The business will not be the first record label in Easthampton; it will join Ecstatic Peace!, an established record label owned and run by Sonic Youth's Thurston Moore and Andrew Kesin of Florence, which has operated out of the Eastworks Building and had partnered with Universal Records for years. Another independent record label, SpiritHouse Records, was formerly based in the Eastworks Building and is now doing business as SpiritHouse Music in Northampton.

"I think it's cool," said artist Luke Cavagnac who has a studio in the Eastworks Building and is a member of local garage rock band The Claudia Malibu. He called Wilco "a good band," and said: "They like to do a little experimenting. They're not a straight-ahead rock band."

Wilco parted ways with Nonesuch Records in 2010 and earlier worked with Reprise Records, a label co-founded in 1961 by Frank Sinatra. In an interview last year with Billboard.com, Tweedy discussed the band's migration towards further independence.

"It doesn't make sense for us to pay somebody three-quarters of the pie for a lot of the things we've been doing ourselves," he told the online music publication.

He noted the band had been doing much of its publicity, promotion and marketing in-house for quite some time.

Since its formation in 1994, Wilco has released seven studio albums, a live double album and several collaborations involving such artists as The Minus 5 and Billy Bragg. Among the band's more notable albums are Yankee Hotel Foxtrot (2002), which Rolling Stone Magazine dubbed the number 3 album of the decade, and A Ghost is Born (2004) for which Wilco won two Grammy Awards, including Best Alternative Music Album. The band's last studio album, Wilco (The Album), was released in 2009 and the group is currently working in its recording studio, known as The Loft, in Chicago.
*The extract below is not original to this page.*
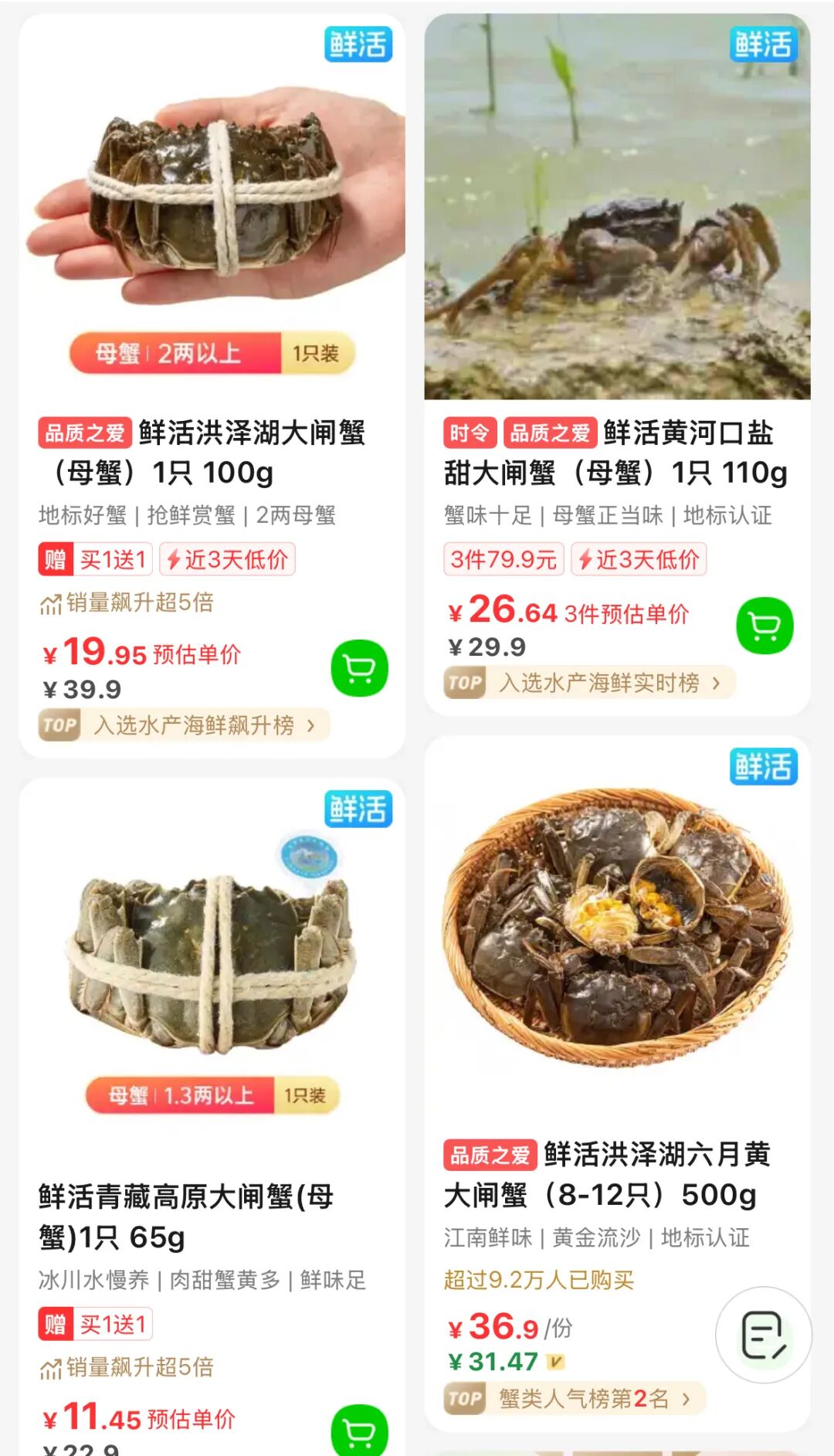 不仅有阳澄湖大闸蟹,还有同在江苏的洪泽湖大闸蟹,蟹身青壳白肚,有种“肤白貌美”的既视感,蟹黄呈半流质,已经售出超过690万只;

Despite its Windy City roots, Wilco is no stranger to the Valley.

"They have, for many, many years, played through this area," said Deb Bernardini, Wilco's publicist in Easthampton. "They really know the area and like it a lot. They are very, very well received here."

Last year, the band staged its inaugural Solid Sound Festival at Mass MoCA in North Adams; the multi-day arts and music festival will return there June 24-26 of this year. The band, along with its Easthampton-based management company, Tony Margherita Management, also co-sponsored a Northampton Little League team last year called TMM/Wilco.

Easthampton Mayor Michael A. Tautznik said he was pleased to learn the group will operate its record business in this former New England mill town.

"It's good news, I hadn't heard," Tautznik said Thursday. "It goes along with all the rest of the arts here."